New Computational Method Sheds Light on How Genetic Variants Alter RNA Processing

Mar 4 2019

New Computational Method Sheds Light on How Genetic Variants Alter RNA Processing

By Sharlene George

A key moment occurs in any gripping novel that sets in motion the characters’ doom or fortune. In the context of gene regulation, RNA-binding proteins (RBPs) play a similar pivotal role determining ribonucleic acid molecules’ (RNAs’) fate by guiding post-transcriptional events. This process is essential to interpretation of genetic code and its function in protein synthesis, which are the building blocks of any organism.

Researchers with the Center for Computational and Genomic Medicine at Children’s Hospital of Philadelphia have gained revealing insights into genetic variants and RNA processing with the development of a computational method called Allele-Specific Protein-RNA Interaction (ASPRIN). Essentially, the tool detects and annotates individual nucleotide changes in RNAs that could potentially influence how they interact with proteins and affect patterns of post-transcriptional regulation of gene expression.

Finding mutations that may affect the binding of these RBPs is crucial because RBPs control important steps in the life cycle of RNA molecules — how they mature, how they are transported out of the nucleus, and how they are translated to assemble the sequence of amino acids in a protein. Defects in how RNA is processed could result in malfunctioning proteins that affect complex traits and diseases or lead to monogenic genetic disorders (caused by a mutation in a single gene).

A study reported in the American Journal of Human Genetics by Yi Xing, PhD, director of the Center for Computational and Genomic Medicine, and Emad Bahrami-Samani, PhD, a postdoctoral fellow, used a data-driven approach to delve into volumes of genomic data generated by the National Institutes of Health’s  Encyclopedia of DNA Elements (ENCODE) Project. ENCODE is a free genomic catalog the scientific community can explore using sophisticated computational methods such as ASPRIN to pinpoint the genomic locations of genes and changes in the regulatory elements that control them.

In the AJHG paper, Drs. Xing and Bahrami-Samani evaluated data generated from common human cell lines, focusing mostly on polymorphisms that are naturally occurring in the human population. The kind of variant that has interactions the researchers observed could be related to common traits such as blood pressure, body weight, or risk of autoimmune disorders.

“We compared two populations of RNAs in the cell,” Dr. Xing explained. “One is basically all the RNA in the cell that could be sequenced. And then the other is a fraction of RNA that is actually bound to a protein of interest. From the sequencing data, we have the individual nucleotide sequencing information of those two pools of RNAs. So now, if we see that a particular nucleotide change is more prevalent in the RNAs bound to the protein but not in the whole population of RNAs in the cell, we could make an inference that a particular change enhances the protein binding.”

The study is an informative illustration of how researchers can use publically available big data to better understand how genetics and DNA variation affect gene regulation. This kind of analysis was only recently made possible by advances in high throughput sequencing technologies. Five years ago, researchers did not have access to such a massive amount of data for both the RNAs and protein-RNA interactions.

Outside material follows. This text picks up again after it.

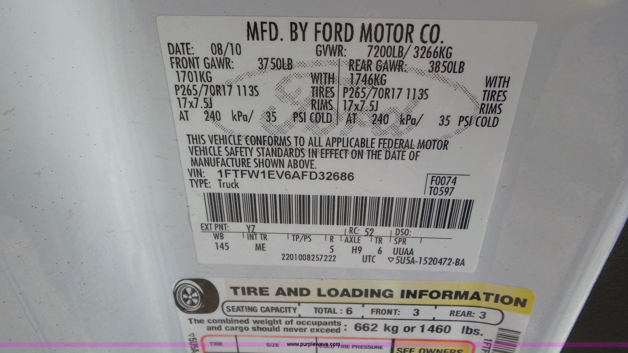 Purple Wave is selling a used 1/2 Ton Pickup or Van in Texas. This item is a 2010 Ford F150 SuperCab pickup truck with the following: 139,689 miles on odometer, 5.4L V8 SOHC 24V FFV gas engine, Automatic transmission, Four wheel drive, AC and heat, Tilt, Cruise, AM/FM/CD, Power windows, locks, mirrors, and seat, Cloth interior, Fog lights, Front tow hook, Bed cover, Bed liner, Receiver hitch, 265/70R17 tires, Dents, Unit# 231

The results ASPRIN generated tell researchers what kinds of nucleotide changes could affect binding of a particular RBP and subsequently how the RNA interacts with proteins. This knowledge eventually could help to elucidate the genetic basis of complex traits and diseases, to more fully inform genetic diagnosis, and to possibly advance therapies.

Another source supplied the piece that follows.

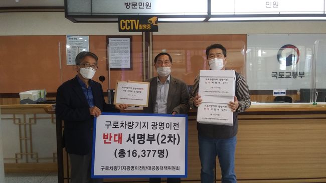 이번 서명부는 2019년 이전사업 전략환경영향평가(초안)에 대한 2만 1,175명 반대의견서 제출 이후 일방적인 희생을 강요하는 이전사업을 기필코 막아내겠다는 광명시민들의 확고한 의견을 국토교통부에 다시한번 확실하게 전달하기 위해 추진됐다.

For example, researchers may suggest the processing of a particular RNA is associated with the risk for cancer in the human population. But they may not know which specific variation in the human genome is important to that association. By looking at the allele-specific binding map generated by ASPRIN, researchers could have additional information to figure out what is the causal variant.

“To me, the most exciting part is our potential to look at a set of mutations and point to what could be causal variants affecting post-transcriptional regulation of gene expression, which can in turn shed light on mutations causing disease,” Dr. Bahrami-Samani said.

This conceptual framework for allele-specific analysis could be applied to studying other gene regulatory processes at the RNA level. In the meantime, Dr. Xing and his team are working on technical improvements to refine ASPRIN and reduce noise in the data that could affect the readout of allele-specific interactions.

The ASPRIN source code is available under GNU General Public License version 3.0 and can be downloaded from GitHub.